L’extraordinaire est toujours précédé du désordre le plus chaotique.
Papa évoque d'autres années, les années des autres. Sous le réverbère, il me paraît très beau et il scintille. Il parle, il dit des mots entrecoupés qu'il semble inventer pour m'étonner ("Écoute, le quai est maintenant une taupe dans ta gorge.") Papa est loin ; il court, il est libre ; il porte en lui la mer, la mer qui s'étend jusqu'à cette ligne où elle se plie en deux. Mais il est aussi la partie qui touche le ciel. Il est seul maintenant, il demande où est l'eau, où sont les marins. Tous les navires du monde fuient son rivage et les lumières du fond incendient sa tête. Il répand une rumeur qui glace les os, il fait surgir des ombres qui me couvrent. (Lui est moi nous ne faisons qu'un, nous n'avons toujours fait qu'un. je ne comprends pas que nous soyons deux.)

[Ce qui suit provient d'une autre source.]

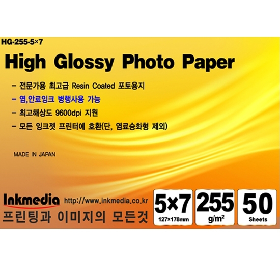 [잉크미디어]고광택 포토용지 인화지 RC일본산 255g 5×7 10권 (500매)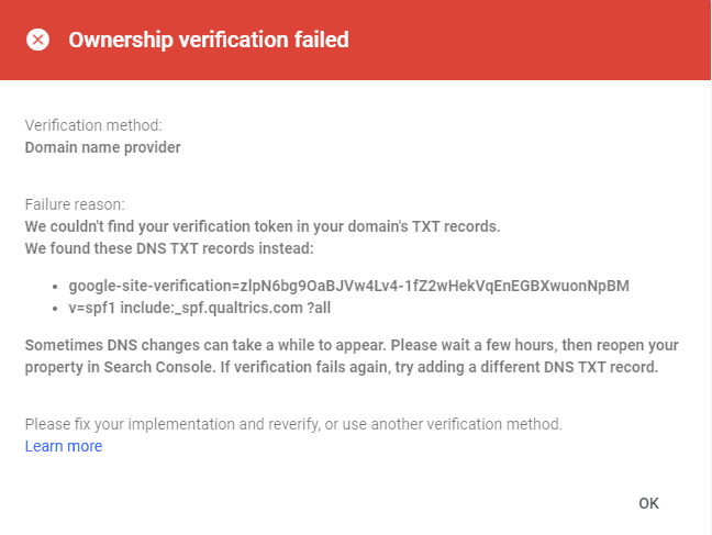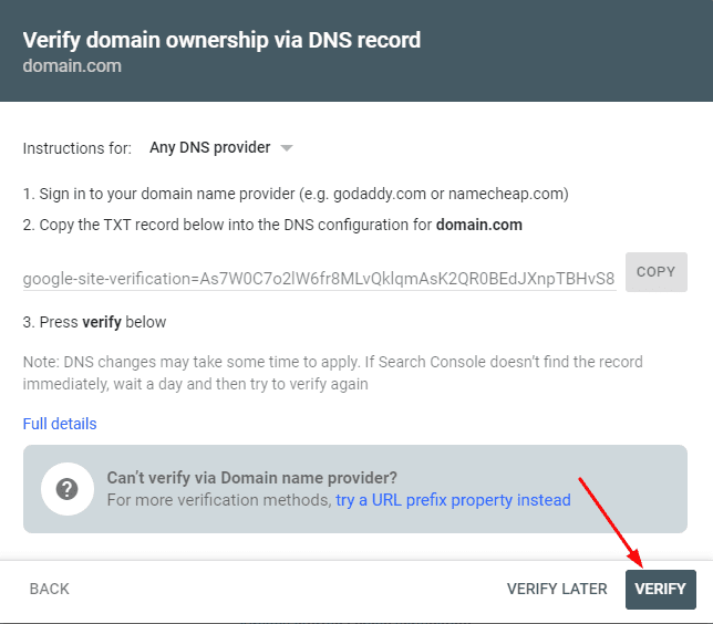 7. After a few minutes, return to Google Search Console and click Verify.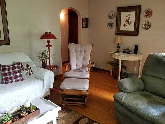 This vintage full-brick home is waiting for your improvements. The eat-in kitchen has been beautifully updated. The living room is large but cozy and features original hardwood floors that continue down the hall and into both bedrooms. The main floor also includes a remodeled bath. The first floor windows have been replaced with the exception of the living room picture window. The enclosed breezeway with access to front and back yards holds a spacious laundry area and connects to the garage. Venture upstairs to the finished half story. Use your imagination! Currently finished in knotty pine, the space holds plenty of closet and storage space and could be additional bedrooms or game room. The basement will need a major remodel but holds another possible bedroom, family room and full bath as well as workshop or storage space. All of this is located on almost a half acre with a great roomy get-away/man cave/she shed/workshop in the back yard. Don't miss your chance to make this home your very own! This home is being sold in "as is" condition. A $445 HSA Home Warranty is included.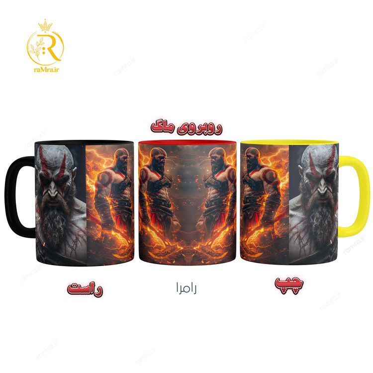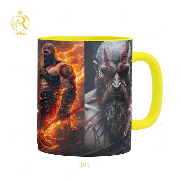 ماگ خدای جنگ GOD OF WAR کد 9189 با دسته و داخل رنگی که میتوانید هنگام خرید در فروشگاه رامرا رنگ دسته و داخل ماگ را انتخابش کنید.

La guerre continue, mais chaque jour elle devient plus intime et mieux organisée. "Elle s'apprivoise", prétend grand-père. Elle a cessé d'être le brouhaha assourdissant des premières heures du soulèvement ou ces interminables journées de pluie durant lesquelles les fusils des soldats grattaient nos fenêtres. Elle est devenue un secret dont chacun s'est fait en quelque sorte le complice, tout en conspirant contre elle. Le contact entre voisins est presque rompu ; on dirait que chaque famille se replie sur elle-même, qu'elle se recroqueville. Mais personne ne parle ni ne proteste.